## [About this task]
Verbatim output of the lines below is required, with the images omitted.

## [Records to process]
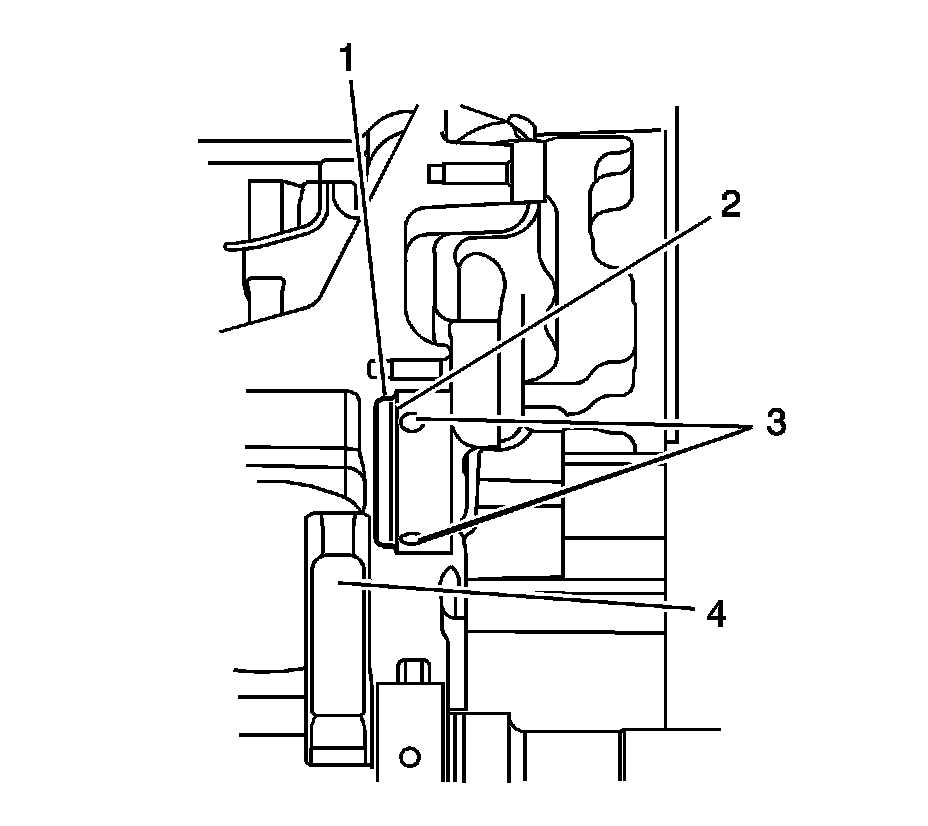 10. Ensure the plug (1) is properly seated to the flange (2) in the bore and will not interfere with the engine block oil passages (3) or the crankshaft counter-weight (4).
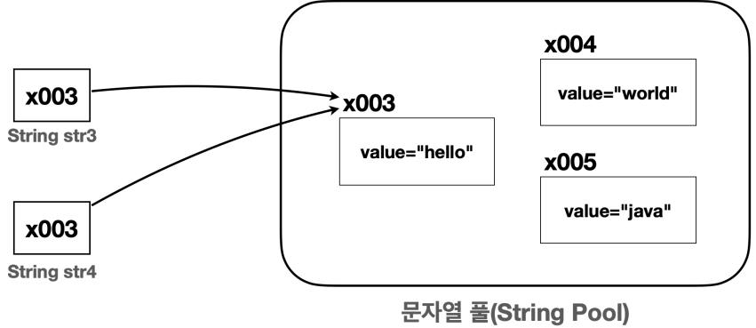 - String str3 = "hello"와 같이 문자열 리터럴을 사용하면 문자열 풀에서 "hello"라는 문자를 가진 String 인스턴스를 찾는다. 그리고 찾은 인스턴스의 참조(x003)를 반환한다.
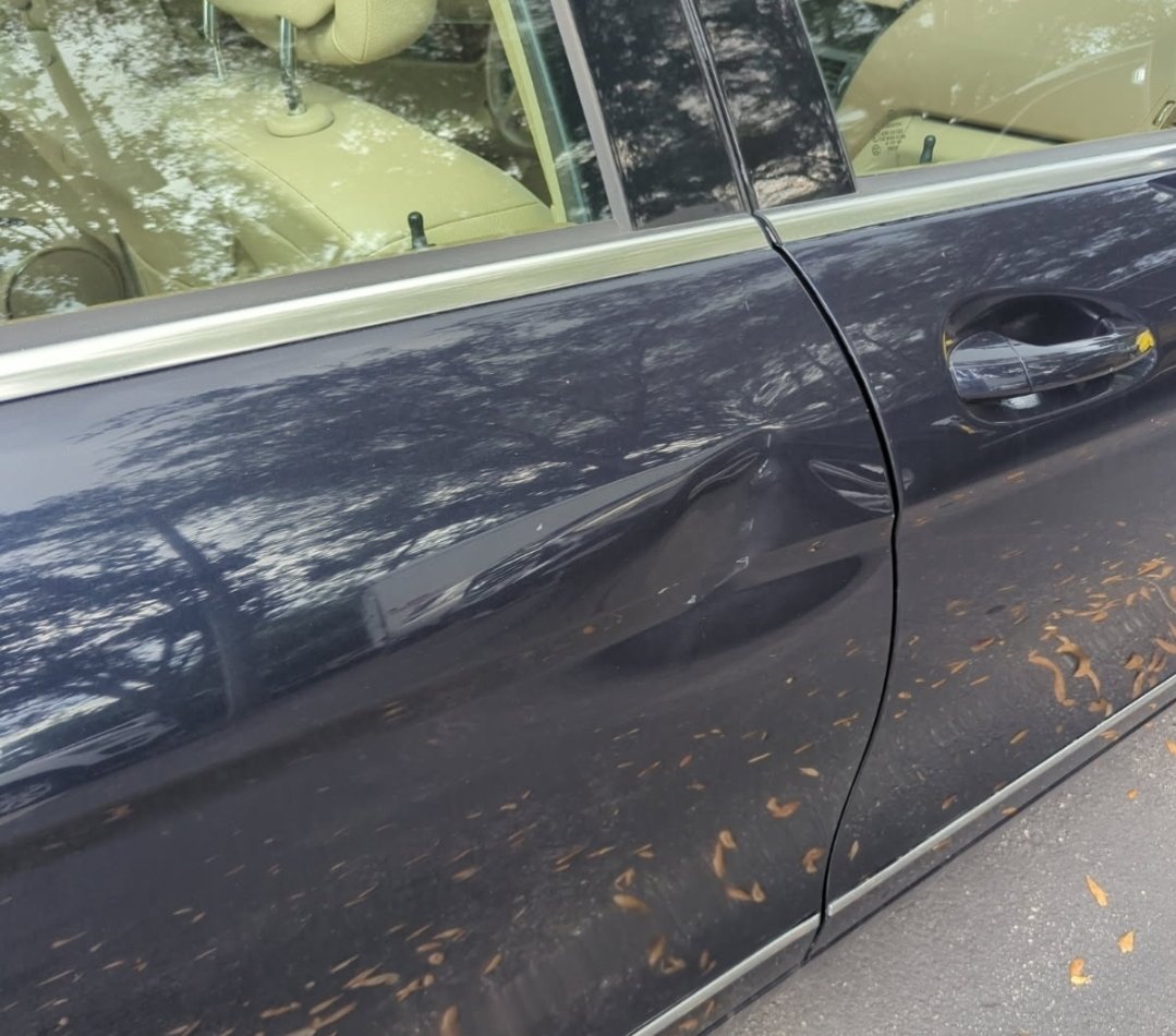 Quarter panel dent repaired without panel replacement — saving thousands over dealer repair.
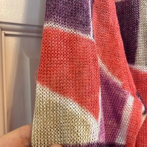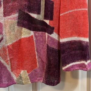 Tags: abstract creme brown purple pink open knit lightweight summery transitional wear beach beachy coastal colorful bright airy flowy layering knitwear
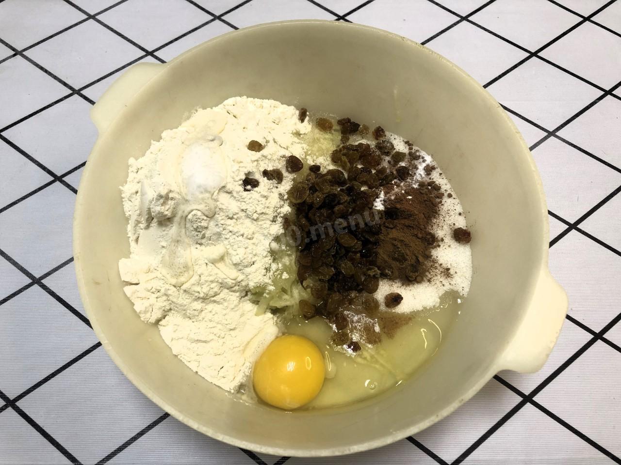 В большую миску к натертому кабачку добавьте сахар, яйцо, растительное масло, муку. Всыпьте сюда же соль, корицу, какао-порошок, ванилин, изюм и соду. Всё это как следует перемешайте. Кстати! При желании в тесто можно добавить, при наличии, 3 г тертой цедры лимона или апельсина, столько же тертого мускатного ореха и столько же разрыхлителя.
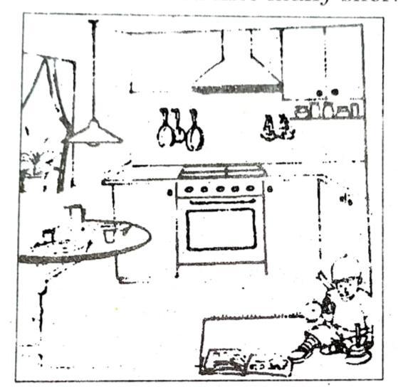 Q. 2. (a) Draw a diagram of your kitchen to indicate storage of various items. Suggest two changes to have more efficient storing.
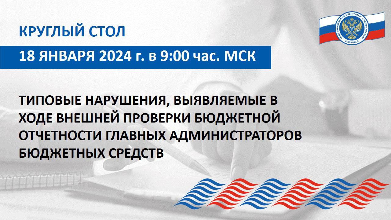 Круглый стол Союза муниципальных контрольно-счетных органов «Типовые нарушения, выявляемые в ходе внешней проверки бюджетной отчетности главных администраторов бюджетных средств» состоялся 18 января 2024 года в режиме видеоконференцсвязи.

## [Task output]
 10. Ensure the plug (1) is properly seated to the flange (2) in the bore and will not interfere with the engine block oil passages (3) or the crankshaft counter-weight (4).
 - String str3 = "hello"와 같이 문자열 리터럴을 사용하면 문자열 풀에서 "hello"라는 문자를 가진 String 인스턴스를 찾는다. 그리고 찾은 인스턴스의 참조(x003)를 반환한다.
 Quarter panel dent repaired without panel replacement — saving thousands over dealer repair.
 Tags: abstract creme brown purple pink open knit lightweight summery transitional wear beach beachy coastal colorful bright airy flowy layering knitwear
 В большую миску к натертому кабачку добавьте сахар, яйцо, растительное масло, муку. Всыпьте сюда же соль, корицу, какао-порошок, ванилин, изюм и соду. Всё это как следует перемешайте. Кстати! При желании в тесто можно добавить, при наличии, 3 г тертой цедры лимона или апельсина, столько же тертого мускатного ореха и столько же разрыхлителя.
 Q. 2. (a) Draw a diagram of your kitchen to indicate storage of various items. Suggest two changes to have more efficient storing.
 Круглый стол Союза муниципальных контрольно-счетных органов «Типовые нарушения, выявляемые в ходе внешней проверки бюджетной отчетности главных администраторов бюджетных средств» состоялся 18 января 2024 года в режиме видеоконференцсвязи.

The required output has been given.